Of course there are cases of child injury and abuse that won’t be helped by that sort of intervention. There will always be a need for foster care. But Ontario CAS, like many similar institutions in the U.S., often errs on the side of family break-up rather than family unity. The point is that money spent on foster care could often be better spent to assist parents become better at the important job they’re trying to do.
After all, as former CAS social worker Tammis Smith said, the research showing that kids do better in foster care than in parental care is “missing.”
Misconceptions about what foster care really consists of abound. Many people believe that children taken into foster care go to healthy families with a mother and a father. Sometimes they do, but often they go to group homes in which many children are thrown together under the care, not of one set of parents, but of employees of the home.
One such former employee, Nick, said that group homes are strictly money-making operations. If one child goes back to its parents, that means a loss of income that must be made up by the addition of another child. Empty beds mean lost jobs and empty wallets.
Putting many unrelated children together can always lead to difficulties, but when many of those children have behavioral problems, a bad situation gets much worse. For that, the group homes have a handy solution – medication. One psychologist who used to work with CAS said that, in her experience, “almost every child in group homes” is on some sort of psychotropic medication.

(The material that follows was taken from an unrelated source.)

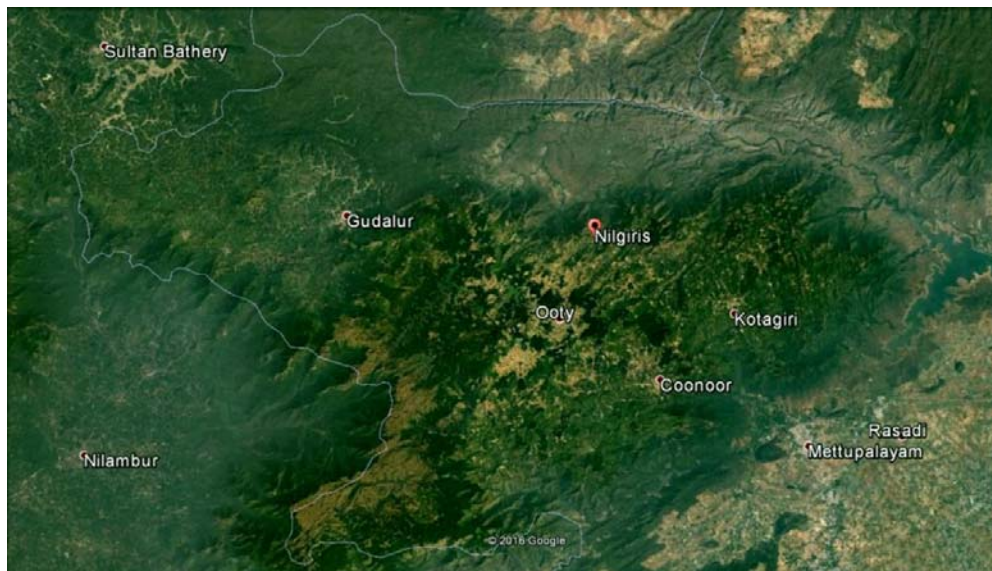
Fig 1: Map showing study area – The Nilgiris District, Tamil Nadu

Pulney Hill-Tops (Fyson, 1920-1975) [16] and Flora of Palni Hills (Matthew, 1999) [17]. Photographs were made using Canon 18-55mm and Nikon 90mm.

“It’s all about control,” echoed Nick, the former group home worker.
What pretty much everyone in the video agrees on is that CAS should dispense with its self-protective secrecy and open its decision making to public scrutiny. That’s certainly a good idea. Public institutions that operate out of sight of the public that pays every cent of their operating budgets, invariably abuse the privilege, so greater openness is indeed required.
On that note, it’s interesting that one of Laurie Roberts’ pet peeves is that Arizona CPS refuses to turn over records in various cases to her or the Arizona Republic newspaper. In other words, it’s behaving the way any governmental institution cloaked in secrecy behaves. And rightly, Roberts is unhappy about it. Like any journalist, she thinks the public has the right to know what its servants are up to.
So it’s odd to say the least that she calls for more of the same – greater power for CPS to break up families would mean all the things the people in “Powerful as God” complain of, including greater secrecy. After all, CPS in Arizona wouldn’t want enraged parents going to a newspapers with their stories, now would it.